The Commission decided that this support was unlikely to have a significant effect on trade between Member States. The Commission, in reaching its decision, did not fully address the other cumulative state aid requirements.
Previously, the Commission had considered the following in respect of determining the effect on Member State Trading:
According to the Commission, the activities of both GL and MOGC were, at most, regional or national in nature. With regard to the training for obtaining an NGB qualification, the Commission referred in this context to the national nature of the qualification. With regard to the skills courses, the Commission noted that these are primarily aimed at local customers. In addition, both the turnover achieved with these courses and the number of participants is limited.
The Commission paid special attention to the courses that GL offers in various European Member States. The turnover achieved with this activity in the years 2011-2013 was limited (between 4% and 7% of the total turnover). Moreover, there were no foreign participants.
The Commission reviewed the CASC rules in relation to the MOGC. These rules meant that the MOGC may not have a profit-making motive and may only be commercially active on a limited scale. If the commercial activities are such that the MOGC attracted foreign customers, the tax exemption does not apply. Furthermore, membership of CASC must be accessible to the public. In view of this, it is very unlikely, according to the Commission, that MOGC that qualify as CASC are able to attract customers from other Member States to a significant extent.
Based on the small geographical area where GL and MOGC offered their services, as well as their limited size, the Commission concluded that both measures are only expected to have a marginal effect on the conditions of cross-border investments or establishment.
General Block Exemption Regulation (‘‘GBER’’)
Although in both cases the Commission concluded that the measures did not have an effect on the trade between Member States, the Commission also reviewed the tax exemption for CASC against the GBER. The Commission considered the tax exemption as support for sports infrastructure and multifunctional recreational infrastructure within the meaning of Article 55 of the GBER and established that all conditions therein were met. If the trade between Member States was affected, the tax exemption would therefore still be permissible.
The courses that GL offered in other European Member States had, by definition, an effect on the trade between Member States. The fact that GL only had British customers with regard to these courses did not alter that. In those Member States where GL organised courses, local providers or providers from other Member States would undoubtedly have offered the same courses. It would have been entirely open to British customers to have turned to these providers as a substitutable alternative.
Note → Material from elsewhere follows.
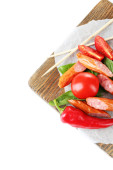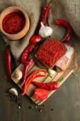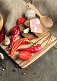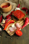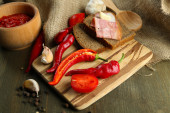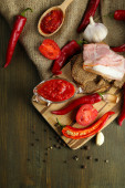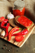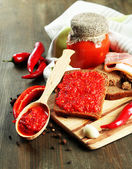 Kompozycja z sosem salsa na chleb,, red hot chili peppers oraz czosnek, na wory na drewniane tła

Professionally and recreationally, golf is an international business and there is an abundance of evidence to show a willingness of enthusiasts to travel overseas to play at their desired course.
It seems that the low share in the total turnover of the foreign activity combined with the absence of foreign customers was sufficient for the Commission to assume that the effect of the aid to GL would only marginal. It is also worth noting that the Commission did not take into account the relatively limited volume of sales in its assessment.
With regard to the tax exemption for CASC, it is remarkable that the Commission only considered the turnover achieved with trading and leasing to non-members. According to the Commission, the alleged beneficiaries were local associations of golfers whose non-commercial purpose was to make facilities available to their members and visitors so that they could play golf or otherwise socialise. It could not be inferred from this that trading with and leasing real estate to members was anything other than an economic activity. The decision made it clear that the Commission most probably only wanted to underline the local nature of competition.